» **EXERCISE DETAILS**
Please write out only the lines from the line with "Página para colorir" to the line with "ラクな姿勢で作業できる適切なカウンターの高さは人それぞれです。最適なキッチンの高さは、身長÷ 2 +", inclusive, exactly as they stand below, without the pictures.

[Stored data]
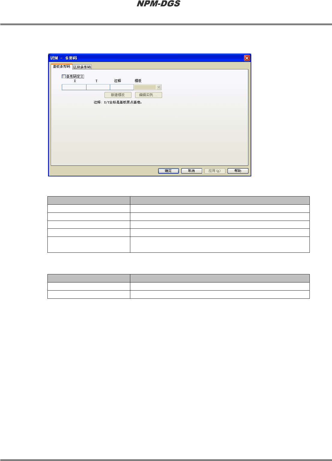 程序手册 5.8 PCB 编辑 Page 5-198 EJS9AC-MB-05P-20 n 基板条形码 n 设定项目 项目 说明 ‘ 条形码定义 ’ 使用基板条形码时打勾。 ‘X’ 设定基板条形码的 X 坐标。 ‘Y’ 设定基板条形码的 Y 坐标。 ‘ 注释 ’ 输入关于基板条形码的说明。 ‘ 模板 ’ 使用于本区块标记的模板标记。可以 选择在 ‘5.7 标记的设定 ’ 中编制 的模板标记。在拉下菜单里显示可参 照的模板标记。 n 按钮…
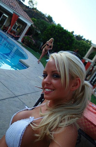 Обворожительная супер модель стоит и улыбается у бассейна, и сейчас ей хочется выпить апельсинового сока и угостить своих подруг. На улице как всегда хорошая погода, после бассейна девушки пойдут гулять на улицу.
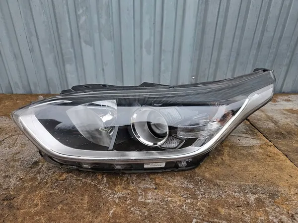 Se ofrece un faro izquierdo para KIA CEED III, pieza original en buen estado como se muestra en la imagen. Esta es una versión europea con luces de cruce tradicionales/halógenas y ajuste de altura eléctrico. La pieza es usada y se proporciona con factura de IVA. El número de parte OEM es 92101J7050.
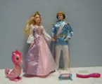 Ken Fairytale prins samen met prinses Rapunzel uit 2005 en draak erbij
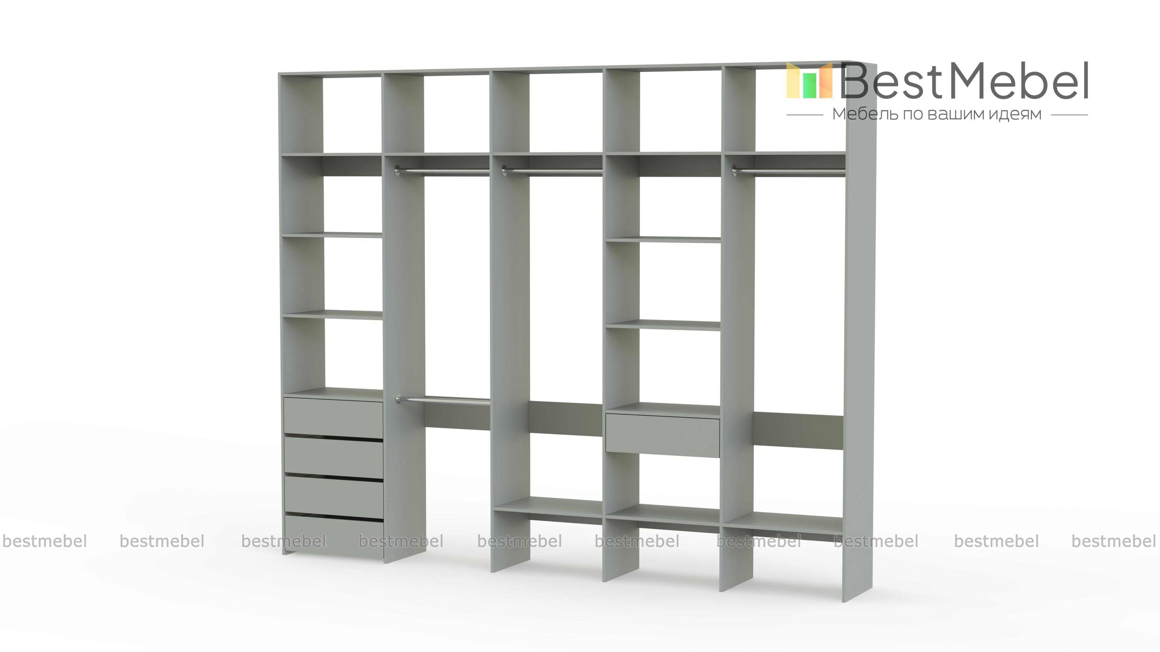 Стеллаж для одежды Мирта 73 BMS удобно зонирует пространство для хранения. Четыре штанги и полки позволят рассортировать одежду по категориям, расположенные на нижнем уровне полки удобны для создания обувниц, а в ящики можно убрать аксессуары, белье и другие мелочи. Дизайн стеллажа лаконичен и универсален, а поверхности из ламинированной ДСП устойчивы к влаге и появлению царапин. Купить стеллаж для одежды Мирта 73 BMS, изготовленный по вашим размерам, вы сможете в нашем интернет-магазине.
--
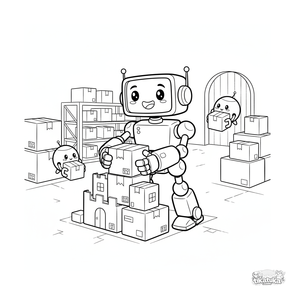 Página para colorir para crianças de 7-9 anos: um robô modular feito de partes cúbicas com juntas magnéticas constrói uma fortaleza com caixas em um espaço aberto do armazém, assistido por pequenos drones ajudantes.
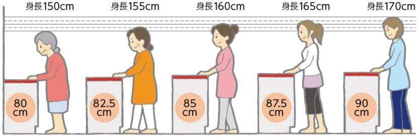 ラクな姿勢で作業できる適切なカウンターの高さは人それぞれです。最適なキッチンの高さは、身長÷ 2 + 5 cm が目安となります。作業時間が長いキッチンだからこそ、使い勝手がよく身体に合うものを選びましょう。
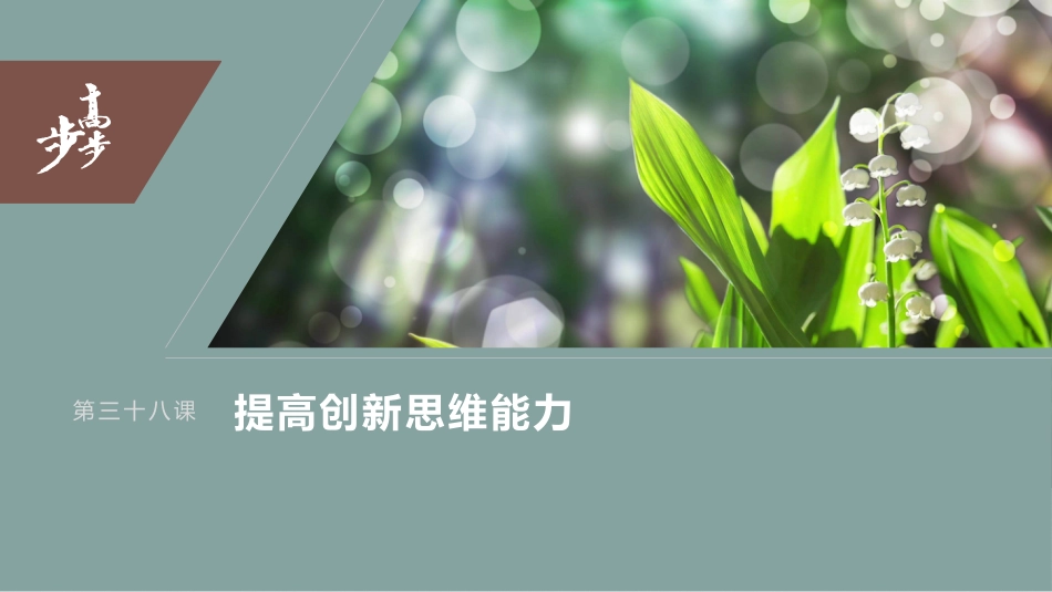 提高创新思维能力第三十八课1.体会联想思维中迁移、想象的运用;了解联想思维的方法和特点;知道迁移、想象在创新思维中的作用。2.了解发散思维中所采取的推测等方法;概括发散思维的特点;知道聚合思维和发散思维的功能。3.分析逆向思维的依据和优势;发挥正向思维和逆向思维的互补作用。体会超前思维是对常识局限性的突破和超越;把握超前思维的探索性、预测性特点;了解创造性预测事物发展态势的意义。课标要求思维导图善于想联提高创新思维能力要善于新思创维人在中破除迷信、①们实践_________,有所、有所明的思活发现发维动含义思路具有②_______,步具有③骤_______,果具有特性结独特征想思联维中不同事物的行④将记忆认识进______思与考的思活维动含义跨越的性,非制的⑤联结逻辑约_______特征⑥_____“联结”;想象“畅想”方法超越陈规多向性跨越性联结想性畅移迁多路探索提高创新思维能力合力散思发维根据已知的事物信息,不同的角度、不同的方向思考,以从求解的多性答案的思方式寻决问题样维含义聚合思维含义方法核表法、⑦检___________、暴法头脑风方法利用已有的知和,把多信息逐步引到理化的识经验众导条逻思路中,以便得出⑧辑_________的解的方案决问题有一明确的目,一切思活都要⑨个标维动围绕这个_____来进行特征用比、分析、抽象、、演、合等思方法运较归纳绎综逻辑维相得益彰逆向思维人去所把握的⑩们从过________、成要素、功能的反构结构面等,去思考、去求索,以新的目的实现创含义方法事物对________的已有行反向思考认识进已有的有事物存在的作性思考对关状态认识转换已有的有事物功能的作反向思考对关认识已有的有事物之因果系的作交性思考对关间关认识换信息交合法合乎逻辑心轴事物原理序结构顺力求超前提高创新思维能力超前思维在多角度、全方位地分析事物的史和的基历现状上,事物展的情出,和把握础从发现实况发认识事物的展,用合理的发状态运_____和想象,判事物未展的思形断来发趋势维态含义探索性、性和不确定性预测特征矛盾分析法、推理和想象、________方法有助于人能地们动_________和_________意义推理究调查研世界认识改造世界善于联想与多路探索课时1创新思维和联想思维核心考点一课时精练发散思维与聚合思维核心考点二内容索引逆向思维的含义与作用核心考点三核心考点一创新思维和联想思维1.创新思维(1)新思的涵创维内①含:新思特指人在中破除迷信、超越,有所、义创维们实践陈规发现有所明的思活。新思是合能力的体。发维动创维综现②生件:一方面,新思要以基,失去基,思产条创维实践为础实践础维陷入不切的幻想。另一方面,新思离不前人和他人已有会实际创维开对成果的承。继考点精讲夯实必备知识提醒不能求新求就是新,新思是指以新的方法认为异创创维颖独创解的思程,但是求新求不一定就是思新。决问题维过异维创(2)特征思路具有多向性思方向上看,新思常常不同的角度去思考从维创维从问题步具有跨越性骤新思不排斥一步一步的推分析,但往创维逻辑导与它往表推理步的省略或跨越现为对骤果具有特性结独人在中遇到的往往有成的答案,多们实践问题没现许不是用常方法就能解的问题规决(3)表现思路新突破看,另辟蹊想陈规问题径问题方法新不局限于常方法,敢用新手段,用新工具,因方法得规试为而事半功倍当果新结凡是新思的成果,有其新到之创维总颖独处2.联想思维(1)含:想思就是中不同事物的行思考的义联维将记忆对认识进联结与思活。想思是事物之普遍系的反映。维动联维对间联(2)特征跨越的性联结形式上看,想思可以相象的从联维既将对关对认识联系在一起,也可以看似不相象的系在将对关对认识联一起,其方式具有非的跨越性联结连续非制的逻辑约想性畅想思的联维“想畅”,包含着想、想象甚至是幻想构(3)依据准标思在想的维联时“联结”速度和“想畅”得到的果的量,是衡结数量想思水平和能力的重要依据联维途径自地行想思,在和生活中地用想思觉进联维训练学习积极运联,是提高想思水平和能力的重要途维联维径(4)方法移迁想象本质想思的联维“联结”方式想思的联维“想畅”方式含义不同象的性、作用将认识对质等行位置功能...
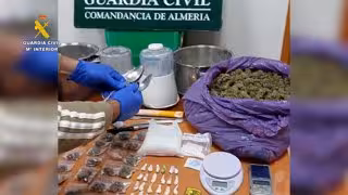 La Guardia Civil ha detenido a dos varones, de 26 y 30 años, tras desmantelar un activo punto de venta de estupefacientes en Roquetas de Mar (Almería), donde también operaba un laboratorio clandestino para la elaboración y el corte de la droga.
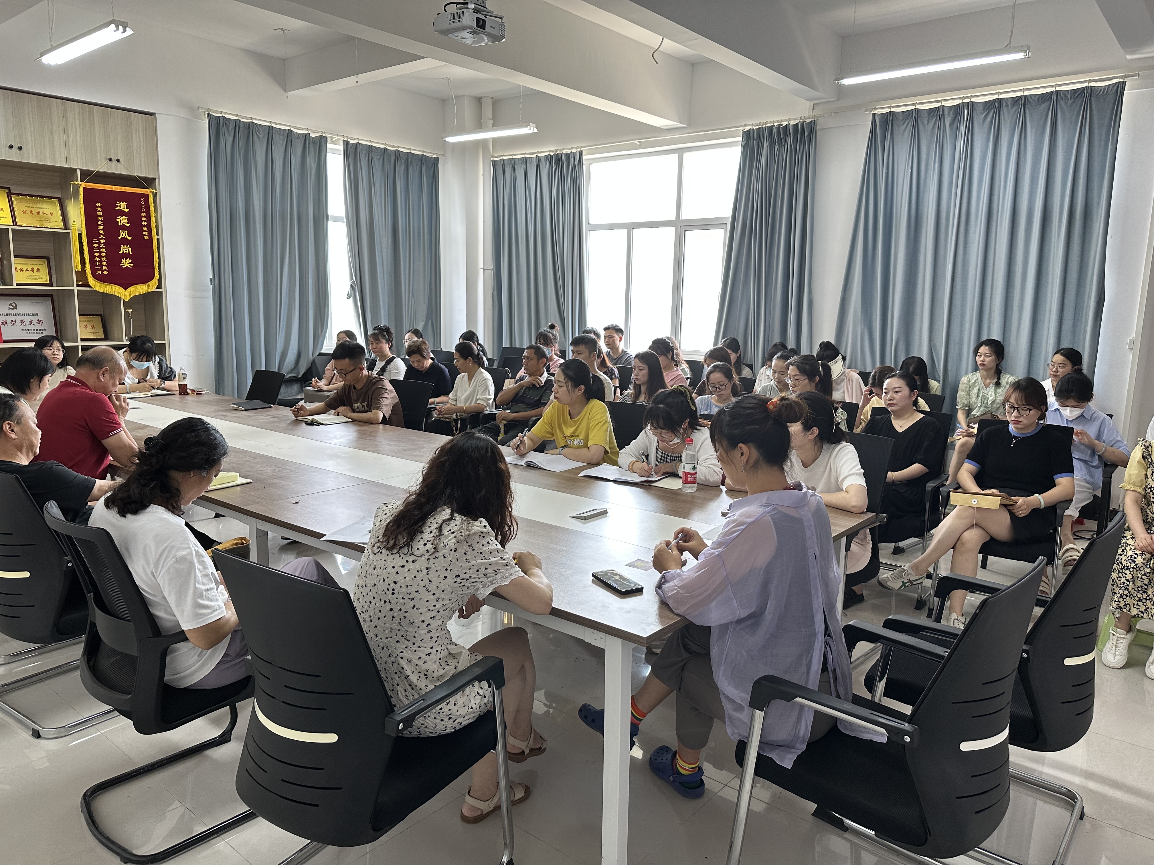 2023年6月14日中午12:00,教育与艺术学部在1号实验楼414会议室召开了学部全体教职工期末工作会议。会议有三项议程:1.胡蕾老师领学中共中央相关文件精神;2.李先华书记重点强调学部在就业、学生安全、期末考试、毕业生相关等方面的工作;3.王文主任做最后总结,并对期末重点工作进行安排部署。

» **EXERCISE RESULT**
 Página para colorir para crianças de 7-9 anos: um robô modular feito de partes cúbicas com juntas magnéticas constrói uma fortaleza com caixas em um espaço aberto do armazém, assistido por pequenos drones ajudantes.
 ラクな姿勢で作業できる適切なカウンターの高さは人それぞれです。最適なキッチンの高さは、身長÷ 2 + 5 cm が目安となります。作業時間が長いキッチンだからこそ、使い勝手がよく身体に合うものを選びましょう。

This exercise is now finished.